Press "Enter" to skip to content

How AIOps can help IT developers manage applications

IBM’s new OEM Application Resource Management offers a tool to improve applications by using automation.

Image: iStock/Anawat_s

AI for IT Operations (or AIOps, for short) is quickly becoming seen as a critical tool for businesses. By harnessing the power of AI and applying it to large data sets, the tool offers a simple solution for scaling IT operations and by 2023, Gartner predicts that the use of AIOps for large enterprise use will jump to 30%, from merely 5% in 2018.

More about artificial intelligence

The enterprise is still adopting this new technology for IT departments—and IBM is offering a way for developers to discover new ways to invest in AI-powered automation to help solve decentralized, microservices-based applications, Eric Wright, technology evangelist at Turbonomic, explains. 

Turbonomic powers IBM’s OEM (short for Original Equipment Manufacturer) Application Resource Management (ARM), which Wright described recently at the AIOps & Integration Digital Developer Conference. The ARM, Wright says, can offer higher levels of automation to APM solutions through AIOps. And developers can use this tech to manage whole sets of resources across the hybrid cloud.

SEE: Digital transformation: A CXO’s guide (free PDF) (TechRepublic)

IBM and Turbonomic’s partnership aims to support “mission-critical cloud native applications,” according to the company. This tech can help a range of industries, from big financial to small credit unions to education to health services. Nearly every vaccine provider, for instance, is powered by IBM and Turbonomic, Wright said. 

“We’ve had AI ‘washing’ for a long time,” says Wright, referring to the marketing effort that claims AI is involved in a company’s products, even if it’s a loose connection. But now, he says, “Our focus is using the power of AI to make sure applications get the resources they need, when they need them, continuously and automatically. It sounded bold 11 years ago, when we founded the company, but we’ve proven it out.”

Wright calls it “sentiment analysis for your IT environment,” essentially, a way to better understand IT operations, which includes more than real-time diagnostics but can give insight into long-term analysis. According to Wright, it’s no longer just a marketing phrase.

“We have these huge environments that are growing,” he explained. “We’ve got cloud adoption, we’ve got Kubernetes,” he says, referring to the open source container system for the automation of app deployment and scaling first designed by Google.

“It’s no longer just in the science-project phase,” he says.

These new systems require automation, he argues. “If you’ve got a large open-shift environment, you certainly can’t throw people at it to manage it the way that we used to, with physical and virtual servers.”
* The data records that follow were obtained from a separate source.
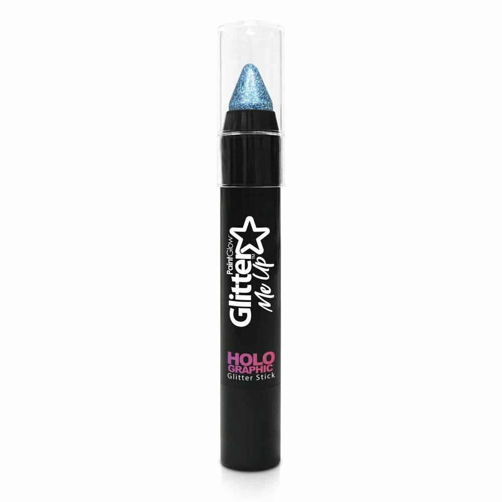 Get festival ready with our blue holographic glitter makeup sticks for a mess free application to the face and body.
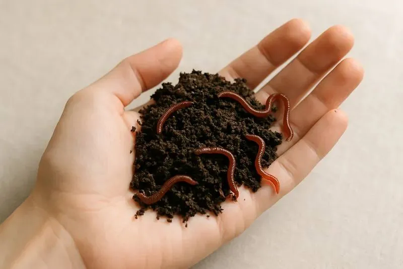 Открытая ладонь человека держит горсть темного биогумуса с дождевыми червями. Для кого наши продукты
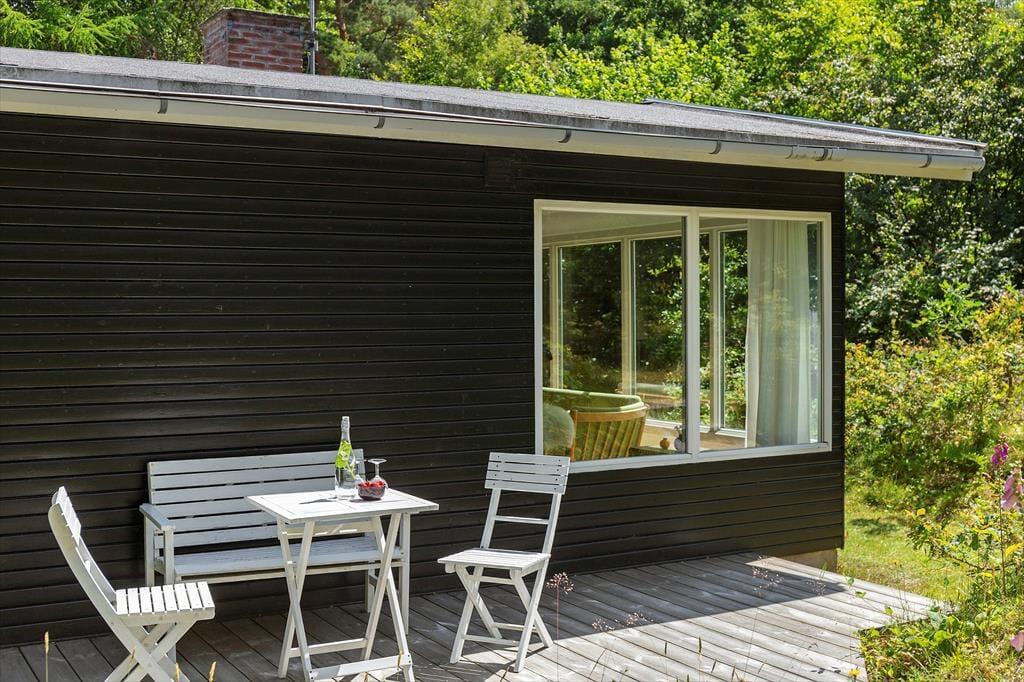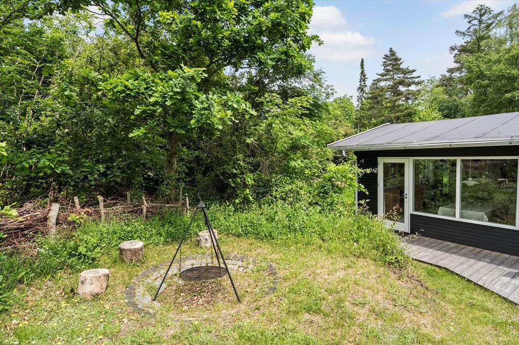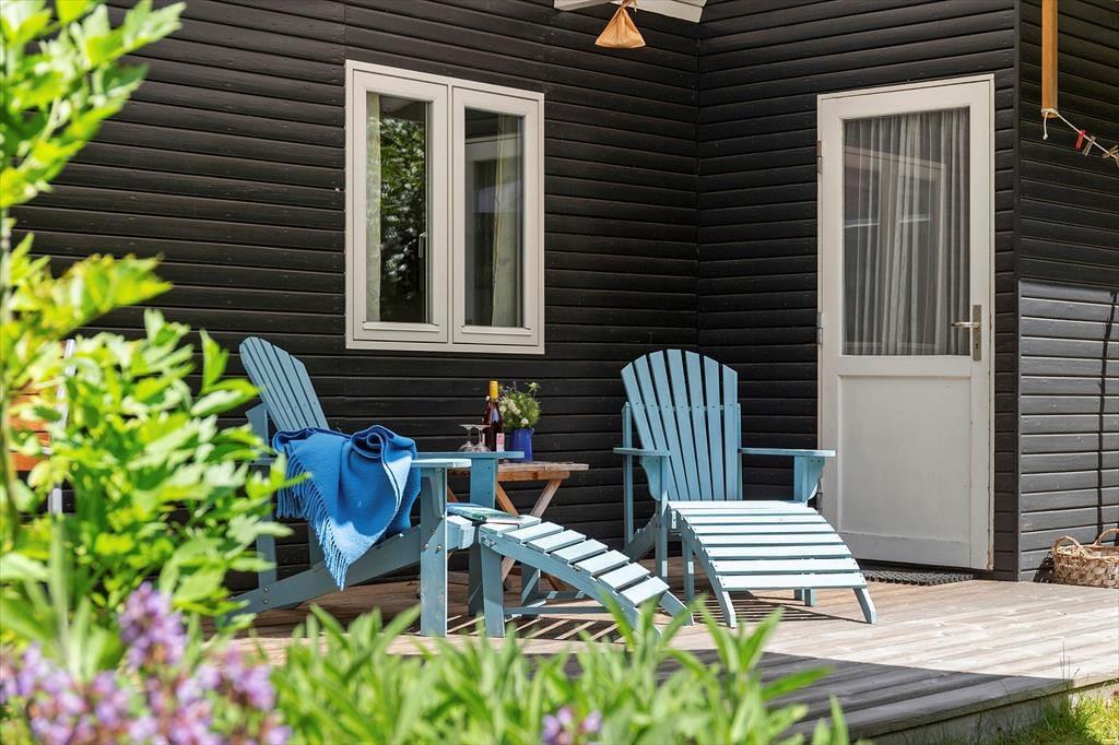 Sommerhusets store have er en fredfyldt oase, omgivet af træer, der giver læ og privatliv. Her kan børnene lege frit, mens du nyder en kop kaffe på terrassen. Den overdækkede terrasse er ideel til afslapning i skyggen på varme sommerdage eller til at samle familien til en hyggelig grillaften. Med havemøbler og masser af plads kan du lade roen sænke sig og virkelig nyde udelivet.
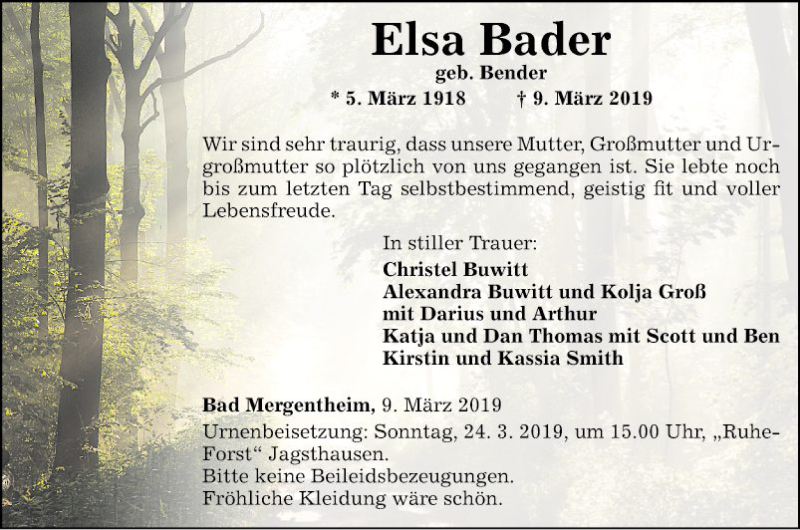 Hier finden Sie alle Traueranzeigen aus der Zeitung, die bisher für Elsa Bader erschienen sind. Weitere Traueranzeigen, die in der Zeitung erscheinen, werden hier ebenfalls aufgelistet
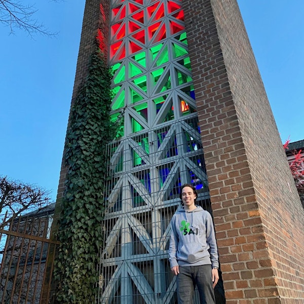 Birgit Anders, Janina Koch, Rafael Buttlies und Max Mahnig (v.l.) freuen sich über die Leuchtkraft des Glockenturms der Kirche Maria Hilf.
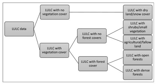 - Hansen, M.C.; DeFries, R.S.; Townshend, J.R.; Sohlberg, R. Global land cover classification at 1 km spatial resolution using a classification tree approach. Int. J. Remote Sens. 2000, 21, 1331–1364. [Google Scholar] [CrossRef]
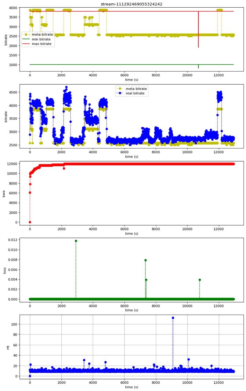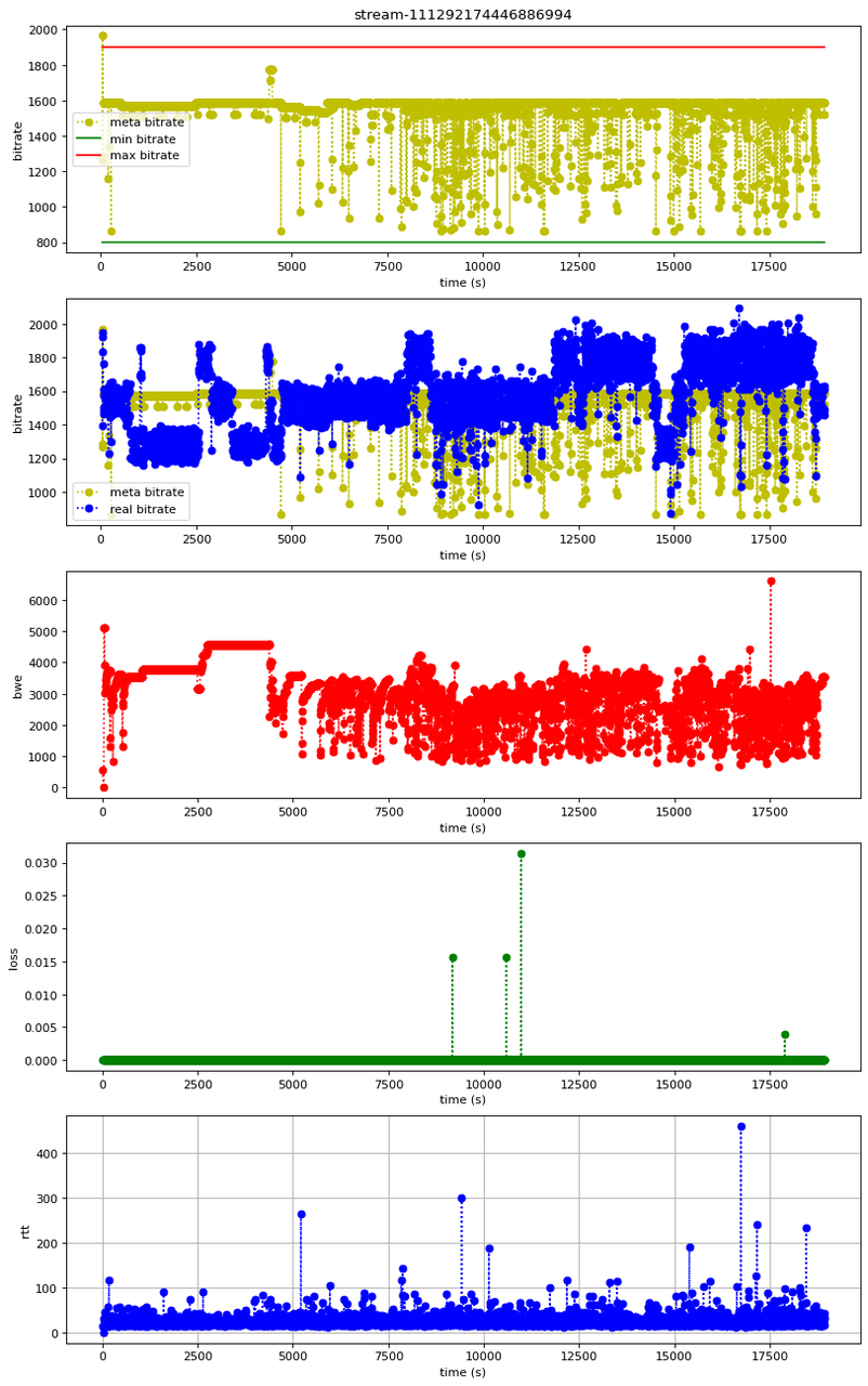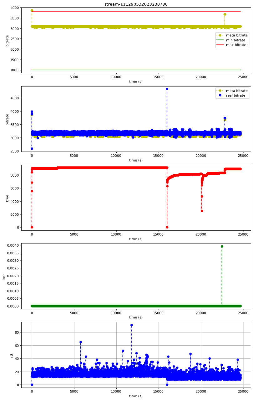 红色线 bwe 震荡波动,大概率会导致黄色线目标码率震荡波动;bwe 的波动不是因为高丢包率,rtt 也是在绝对值较小(100ms 以内)范围内波动。
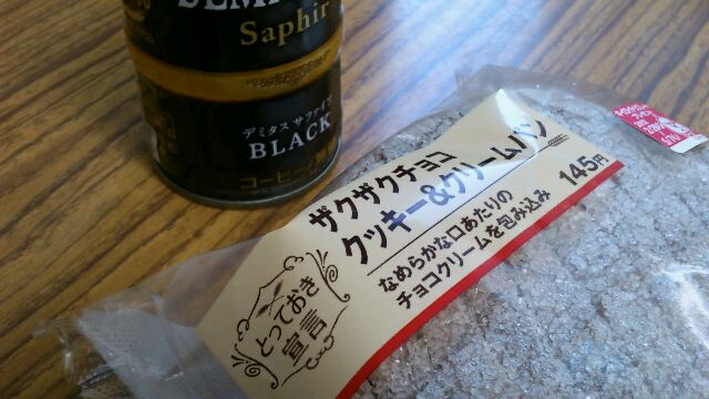 今日の朝ごはんは、ザクザクチョコクッキー&クリームパンでした。
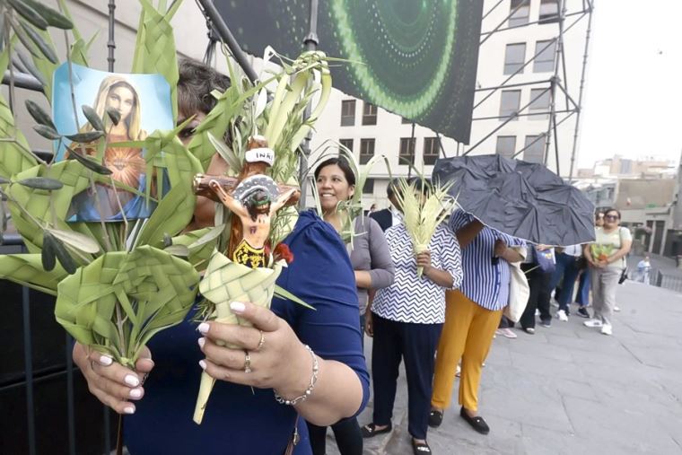 Desde tempranas horas, cientos de fieles se congregaron en la Plaza Mayor de Lima, donde, antes de ingresar al templo, los obispos auxiliares de Lima recorrieron el lugar y rociaron con agua bendita los ramos de palma y olivo que portaban los asistentes como símbolo de fe, esperanza y renovación espiritual.
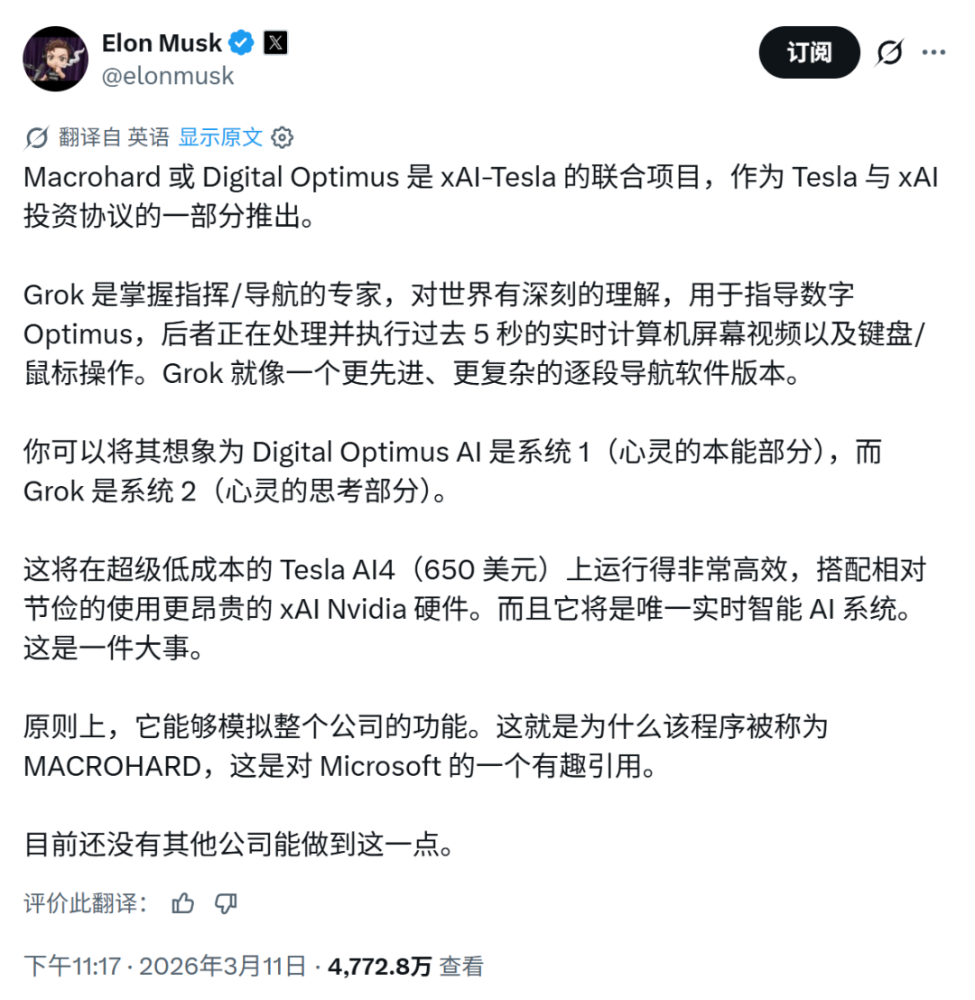 March 11: Musk confirmed that Tesla and xAI's joint project "Macrohard" (translated as "Jù Yìng" by Chinese media) officially entered full-scale advancement. Led by Tesla AI software vice president Ashok Elluswamy, the project aims to simulate a complete software company's functions using AI—Grok serves as the high-level decision-maker, while Tesla's AI agents handle real-time screen, keyboard, and mouse operations to execute specific software development tasks.
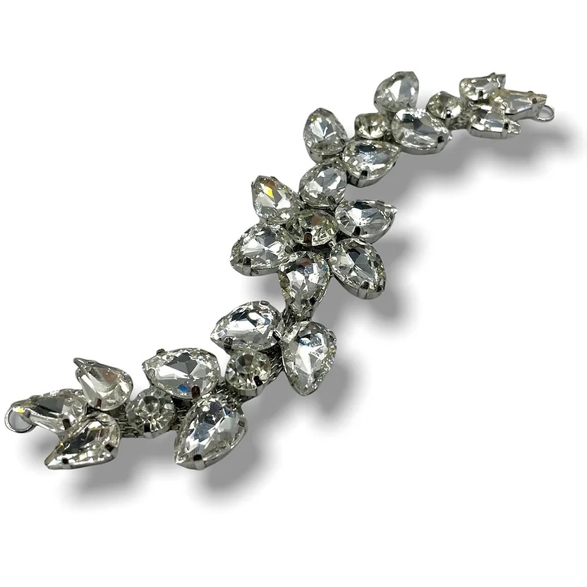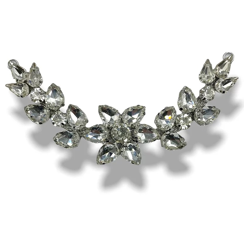 morsetto/scollo gioiello saldato, realizzato in tema floreale, con pietre in vetro crystal e castone rinforzato 15 cm x 3 cm.
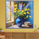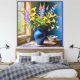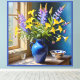 Blue Yellow Purple Bouquet Art. Capture tranquillity with this serene stylised watercolour still life of flowers in a vase with delicate blooms in blues, yellows, and purples. Perfect for wall art and greeting cards.

SEE: The Essential Guide to AIOps (TechRepublic)

Using automation, Wright contends, can help CIOs who need applications to respond. They need “healthy apps,” he said. For instance, a major bank in New York that sees performance issues, or code flow problems, can check if they are meeting requirements to hit the service level objective. “And so this is the move from just waiting until it goes wrong and then trying to investigate to really preventatively moving towards, How can I automate and operate my environment so that developers just deploy the app?'” Wright said. “The app literally is fully automated in what it chooses.”

The goal of automation, Wright said, is to save time for employees: To help them do something new, instead of reviewing processes. So there’s been a shift toward building code. “They couldn’t do that before because they were literally just trying to keep the lights on,” he said.

“This is a new standard I think for CIO—that they just won’t accept that we’re just going to toss engineers at it to try and solve the problem. So automation is now sort of the standard-bearer in every layer of the stack,” Wright added, “which is pretty fantastic.”